▶ [TASK INSTRUCTIONS] Set the listing down unchanged, minus every embedded image.

▶ [DATA SHOWN]
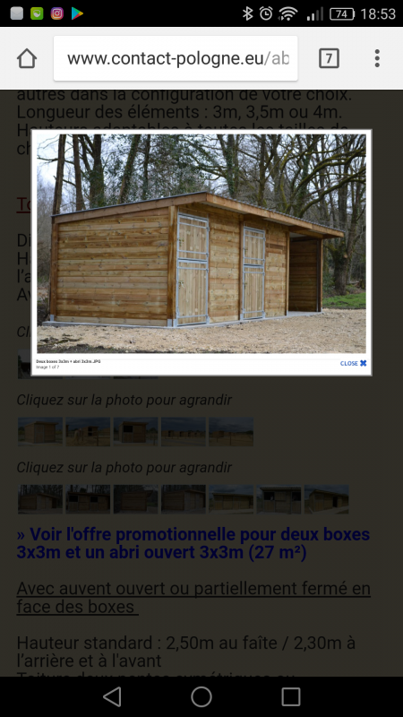 Concernant les boxes, je vais prendre ceux-ci : 2 boxes 3x3 et un abris 3x4 poir stocker la paille et le foin
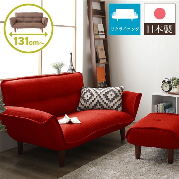 日本製 リクライニングソファー/カウチソファー 2人掛け オットマン付き ダリアン生地 レッド 脚部:ブラウン 幅131cm 脚付き 国産 ソファ ソファー ポケットコイル ローソファ 北欧 リビング ひとり暮らし 代引不可
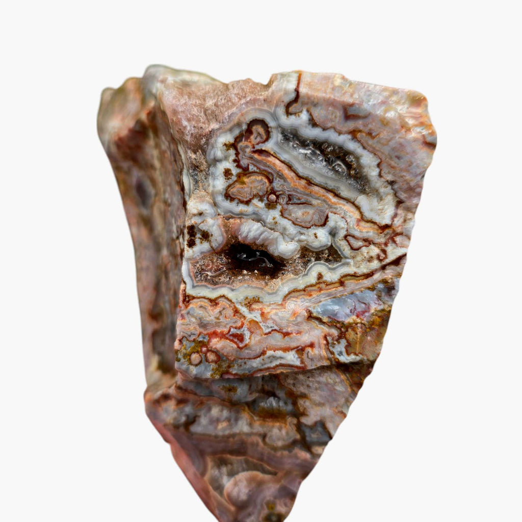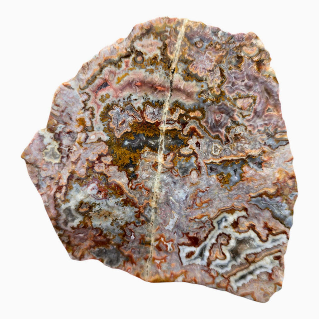 Apple Valley Agate is a material from the Sahara Desert that is collected by sheep herding nomads. This interesting agate comes with loads of variety, with just about every piece being unique. It can have pseudomorphic tubes, gorgeous moss with a huge range of colors, picturesque patterns, plumes, poppies, red, green, orange, blue, purple, and pink. It is one of my personal favorites to cut, and while hardness can differ from chunk to chunk, it generally takes a gorgeous polish and works into some designer grade cabochons.

▶ [YOUR SOLUTION]
 Concernant les boxes, je vais prendre ceux-ci : 2 boxes 3x3 et un abris 3x4 poir stocker la paille et le foin
 日本製 リクライニングソファー/カウチソファー 2人掛け オットマン付き ダリアン生地 レッド 脚部:ブラウン 幅131cm 脚付き 国産 ソファ ソファー ポケットコイル ローソファ 北欧 リビング ひとり暮らし 代引不可
 Apple Valley Agate is a material from the Sahara Desert that is collected by sheep herding nomads. This interesting agate comes with loads of variety, with just about every piece being unique. It can have pseudomorphic tubes, gorgeous moss with a huge range of colors, picturesque patterns, plumes, poppies, red, green, orange, blue, purple, and pink. It is one of my personal favorites to cut, and while hardness can differ from chunk to chunk, it generally takes a gorgeous polish and works into some designer grade cabochons.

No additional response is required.